In this video, we will learn how to model, read and write Numbers up to 100.

07:22

Video Transcript

Reading and Writing Numbers up to 100

In this video, we will learn how to model, read, and write numbers to 100 in digits and words. We can write numbers using digits or words. The two-digit numbers up to 100 have an amount of tens and ones. We can model these numbers using maths equipment, like ten frames or place value blocks.

What number is shown in this model? This is a ten frame. And it’s full; it has 10 counters. We can write this in our place value chart. Our number has one ten. We call these counters the ones. This is because the ten frame is not yet full; it has less than 10 counters.

How many ones are there? Did you count? There are eight ones. One ten and eight ones is 18. How would we write this number in words? 18 is a teen number. These are the numbers between 10 and 20. Let’s practice writing the teen numbers in words. Eleven, twelve, thirteen, fourteen, fifteen, sixteen, seventeen, eighteen, nineteen. This is how we write 18 in digits, and this is how we write 18 in words.

When we write numbers between 20 and 100 in words, we need to use a tens word and a ones word. The tens digit in the number 65 is worth 60. Six tens are 60. So, our tens word is 60. And the five digit in 65 is worth five ones. So, our ones word is five. We wrote the number 65 in digits and words.

How would we write the number 49 using digits? We write 40 as four tens and the nine as nine ones. This is how you write the number 49 in digits. The four tens are worth 40, and the nines digit is worth nine ones. We wrote the number 49 in digits and words. Let’s practice modeling, reading, and writing numbers to 100 in digits and words.

Noah and Emma tried to read the number given. Emma said it is 74, and Noah said it is 47. Who said the right answer?

Noah and Emma are trying to work out which number is shown in the model. We know it’s a two-digit number because it has an amount of tens and ones. Emma thinks the number is 74, and Noah thinks the number is 47. Let’s count the tens and ones to find out who’s right.

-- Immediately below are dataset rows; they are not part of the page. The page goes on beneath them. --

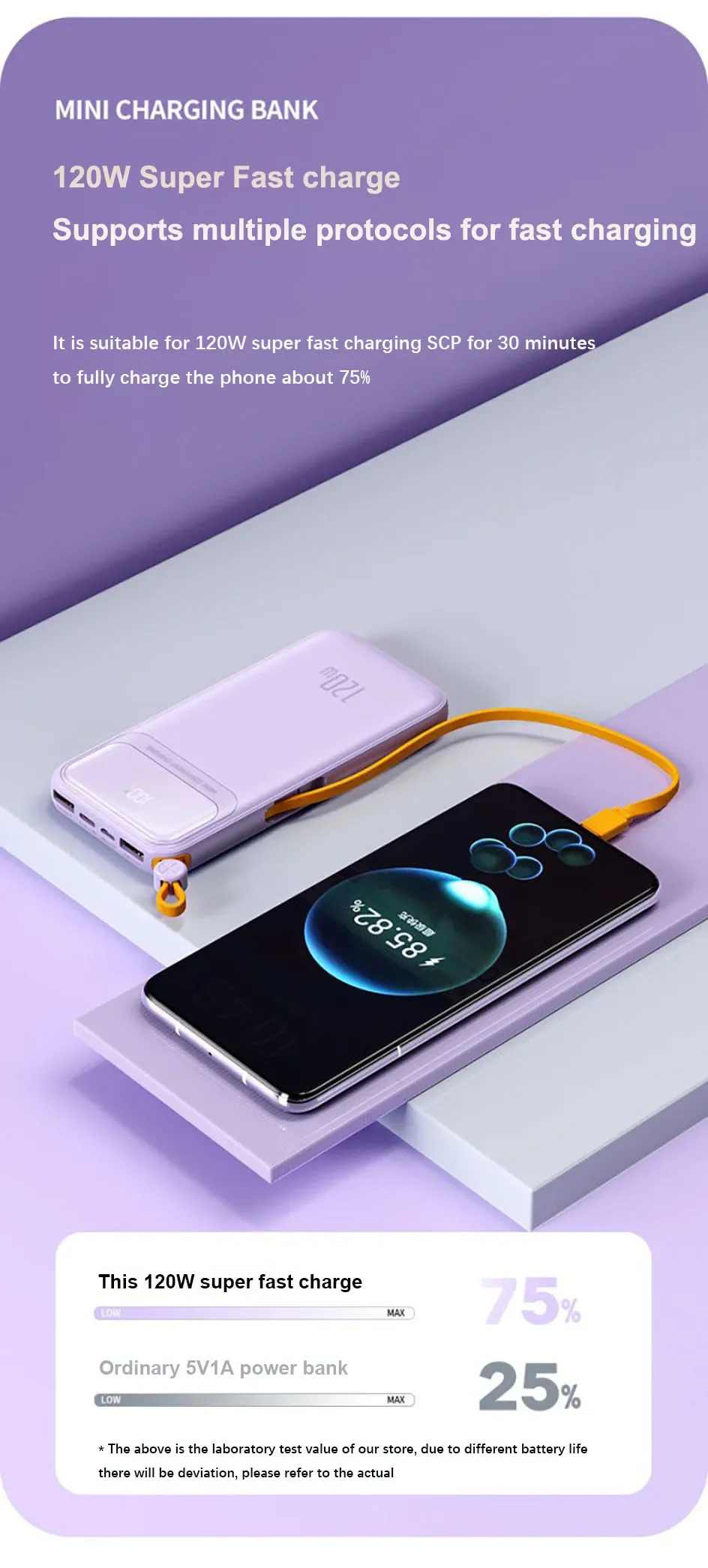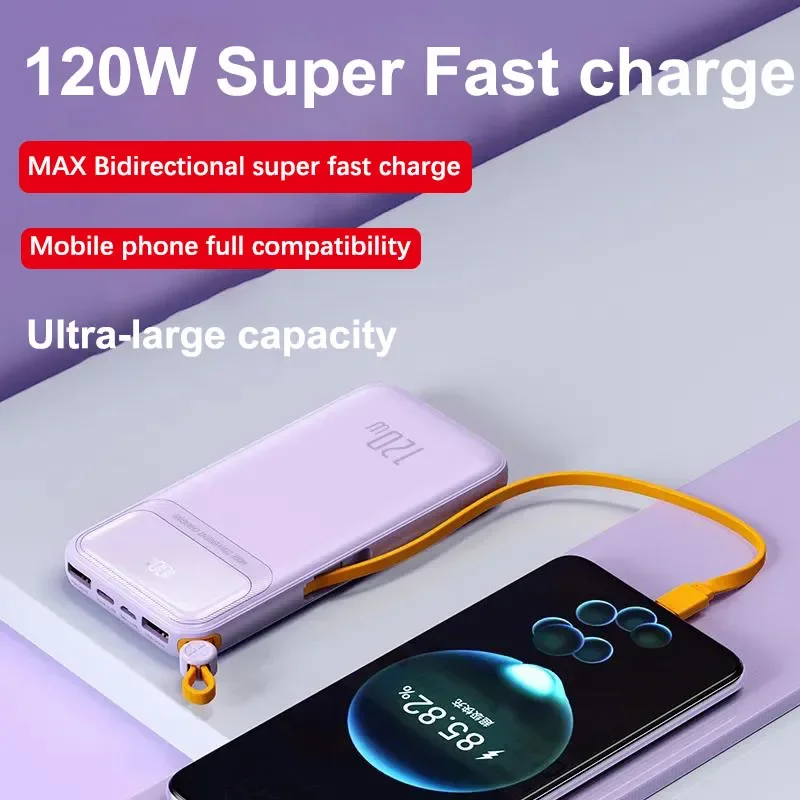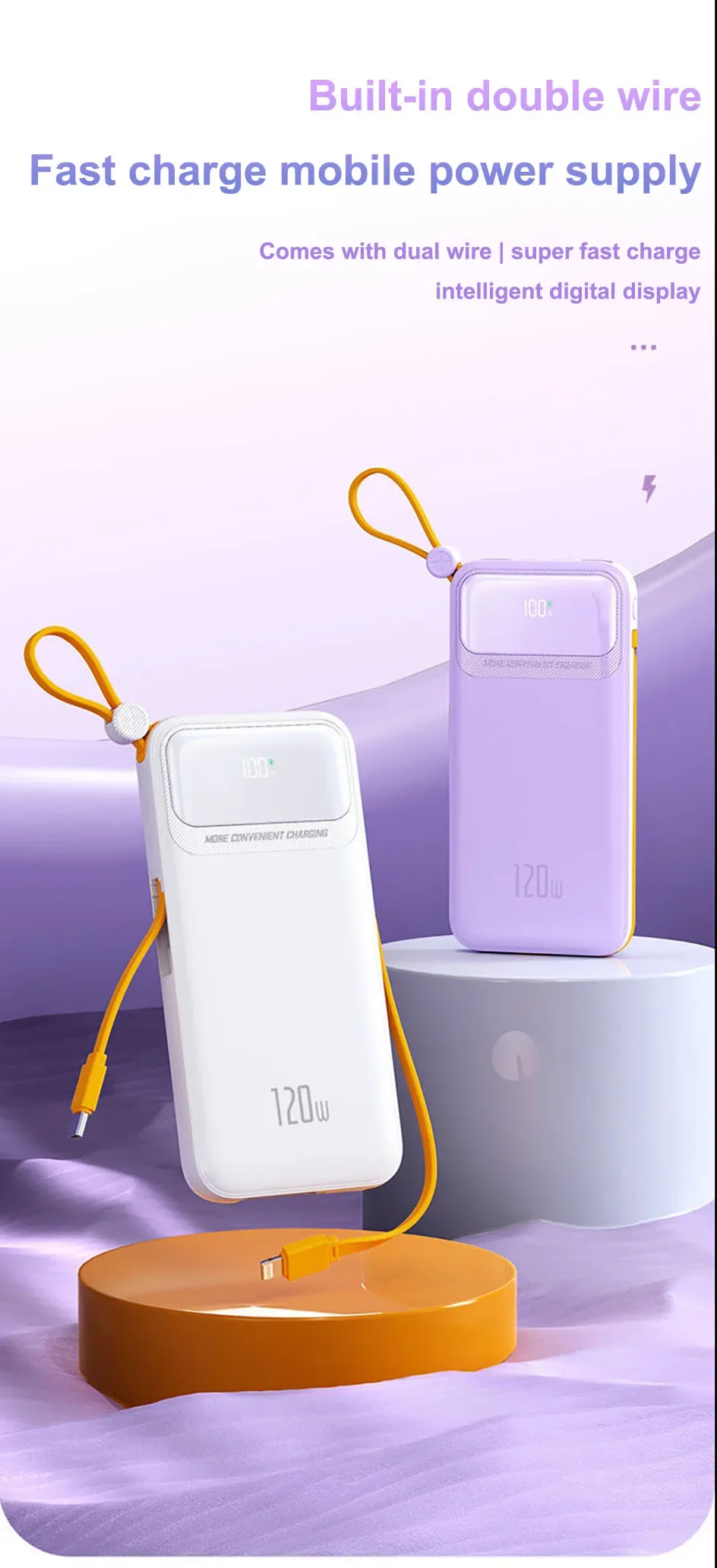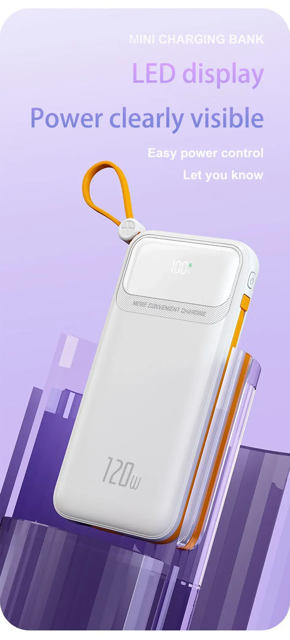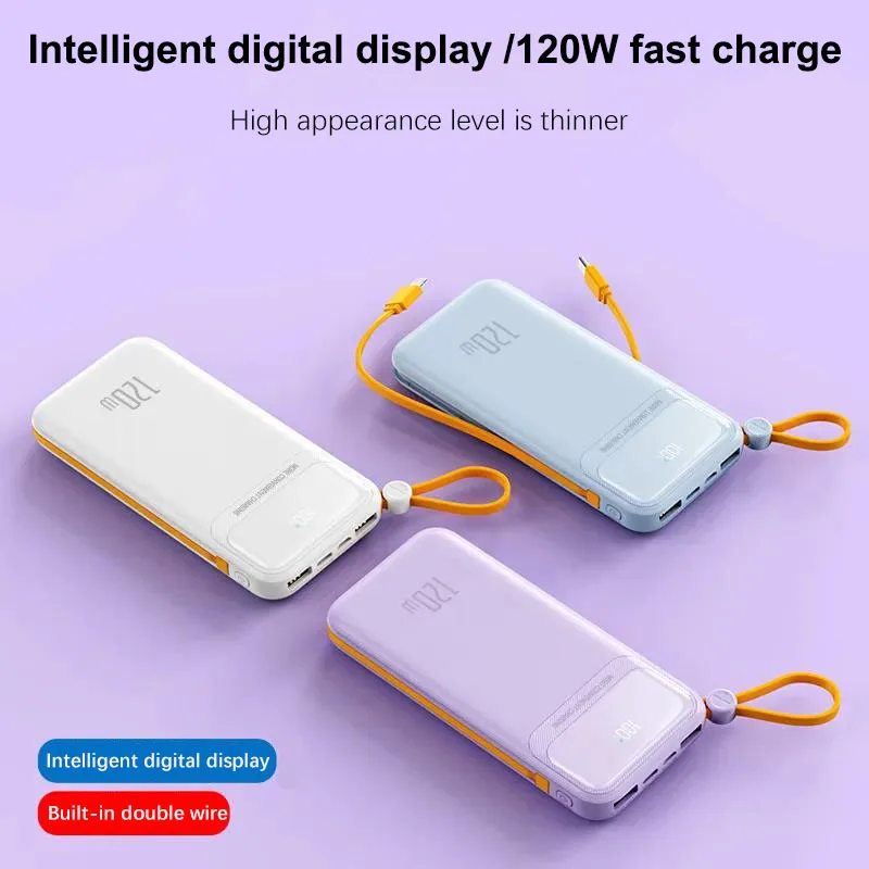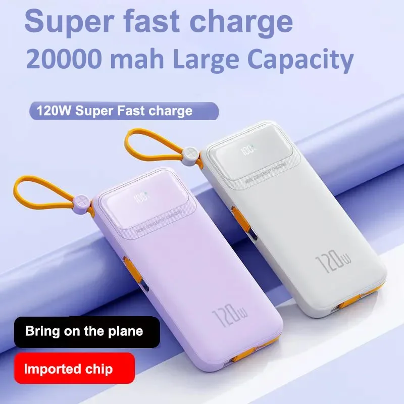 High Speed 120W Power Bank 20000Mah Powerbank with Data Cable Large Capacity Super Fast Charge Mobile Battery for IPhone Samsung Product details Battery capacity: 20000Mah Charging bank: comes with cable charging bank Output mode: Type-C, Lighting Type: type-c, Android Type-C Input: 5V/2A,9V/3A, 5V/4.5A, 12V/1.6A 5V/3A Lightning output: 5V/2A, 5V/4.5A, 12V/1.6A 5V/3A Type-C Output :5V/2A,9V/3A, 5V/4.5A, 12V/1.6A 5V/3A USB output: 5V/2A,9V/3A, 5V/4.5A, 12V/1.6A 5V/3A Digital display: Display power Features: Comes with Charge Cable Color: Black, white, pink, purple Applicable brands: Apple, Samsung, Huawei, Xiaomi, MOTOROLA, etc Applicable products: Mobile phone, headset, tablet, computer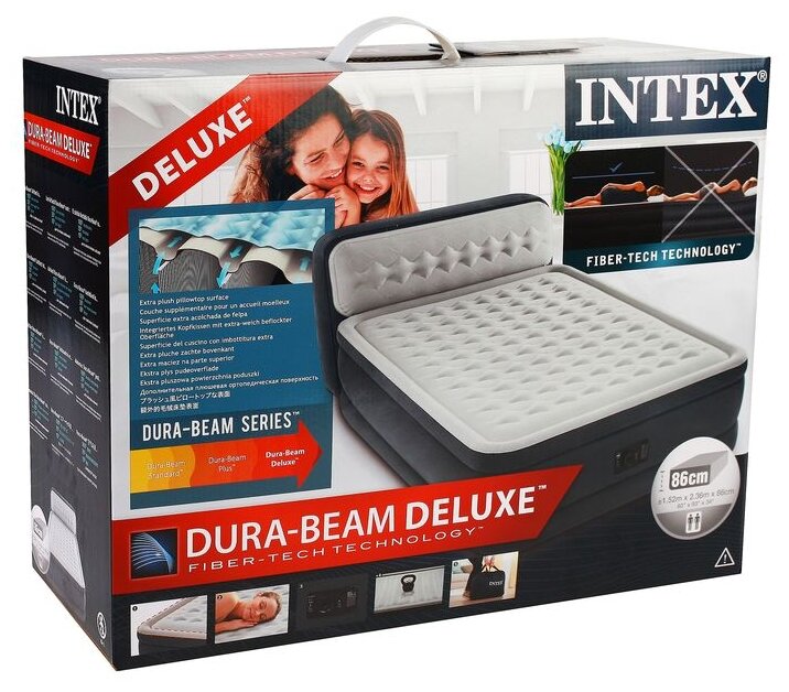 Купить INTEX Надувная кровать с насосом Ultra Plush Heardboard 152*236*86 см 64448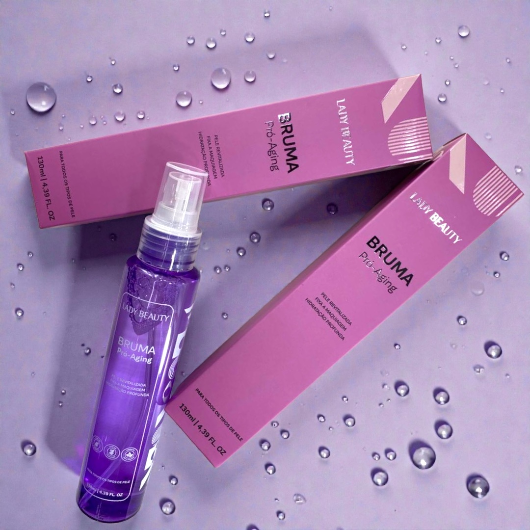 A Bruma Fixadora Pro-Aging da Lady Beauty é ideal para finalizar a maquiagem com leveza e eficiência.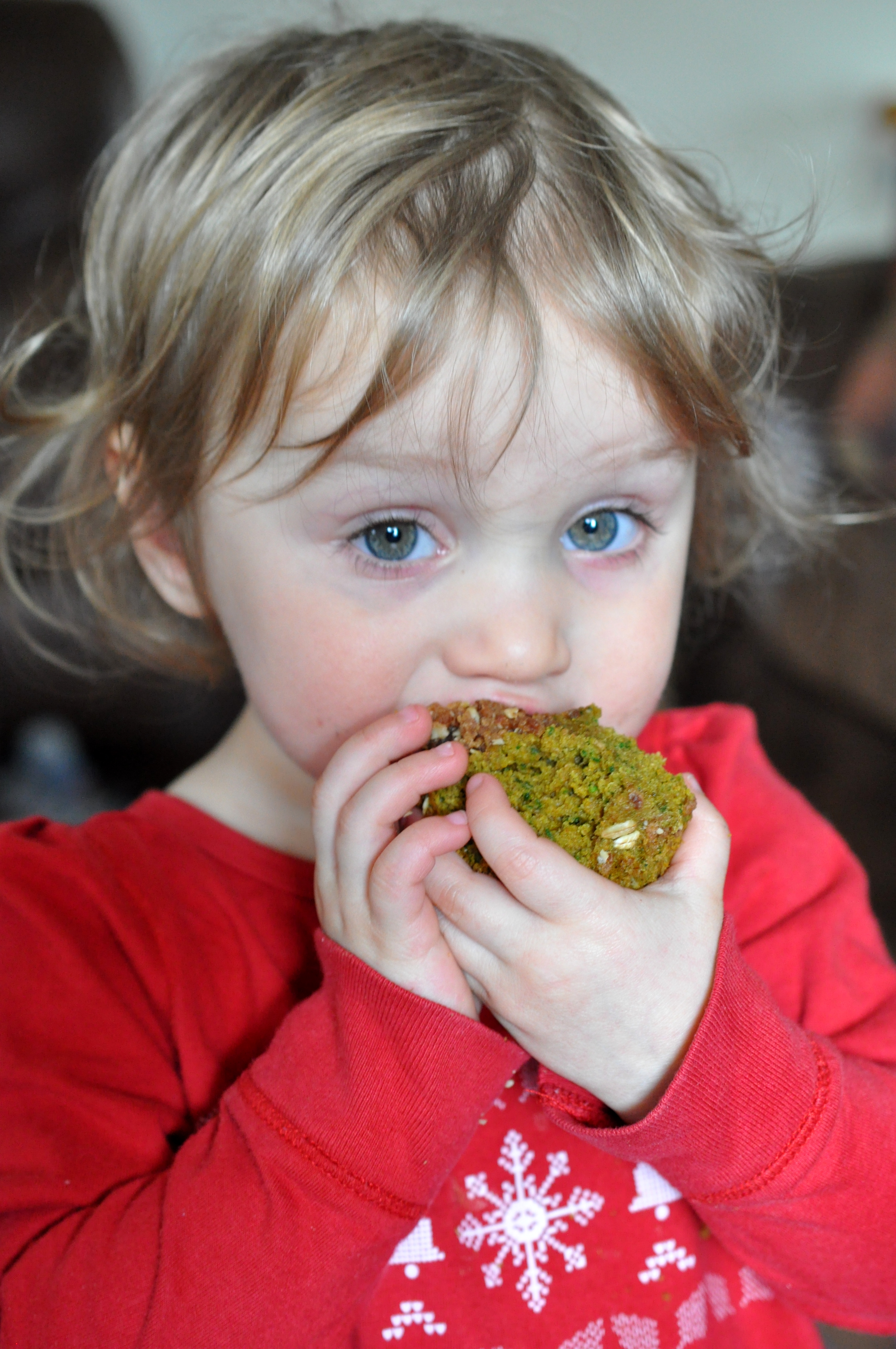 Moist and flavorful, they don’t taste of spinach at all but it does add iron, calcium, and vitamin C! The pumpkin means these are chock full of Vitamin A, and the Banana and dates pack a punch of potassium. (Say that 10 times fast!) They also have 5.7 grams of fiber. But if you don’t tell, no one will know. Lilly followed me around pronouncing them “CAKE!” and gobbled down every last bite of her “treat” saying “MMMM…TREE!!!” inbetween every few bites. (And she’s my harshest critic, believe me!) Today’s personal challenge: Make sure there are some left for Andy and Trinity to try when they get home. Success is not altogether certain.

How many tens are there in the tens part of this number? One, two, three, four, five, six, seven. So, we can write a seven in the tens place. Did you count the ones? There are four. Seven tens and four ones is 74. So, Emma was right. It looks like Noah wrote the tens and ones digits the wrong way round. The number given is 74. So, Emma was right.

Write the given number in words.

We’re shown a two-digit number. And we have to write it in words. How many tens does this number have? One, two, three, four, five, six. We have six tens. Now, let’s count the ones. One, two, three, four, five, six, seven. Six tens and seven ones. We’ve written the number in digits. The number is 67. Six tens are 60. 10, 20, 30, 40, 50, 60. And this is how we write 60 in words. This is the tens part of the number, 60.

And we know that the ones part of the number is worth seven. This is how we write seven in words. The given number is 67. And this is how we write it in words.

Daniel writes fifty-seven in words. Write that number in digits.

Daniel has written the number fifty-seven using words. Now, we have to write the same number using digits. The tens part of Daniel’s number is fifty. We can model fifty using five tens. 10, 20, 30, 40, 50. Daniel’s number has five tens, worth 50, and seven ones. We wrote the number 57 using digits. Five tens and seven ones is 57.

Write the number 85 in words.

We can model the number 85 using eight tens. Eight tens are 80. 10, 20, 30, 40, 50, 60, 70, 80. 85 has eight tens and five ones. We know the tens part of the number 85 is worth 80. And this is how we write five in words. The tens part of the number is 80, and the ones part is five, 85. We wrote the number 85 in words.

What have we learned in this video? We learned how to model, read, and write numbers up to 100 in digits and words.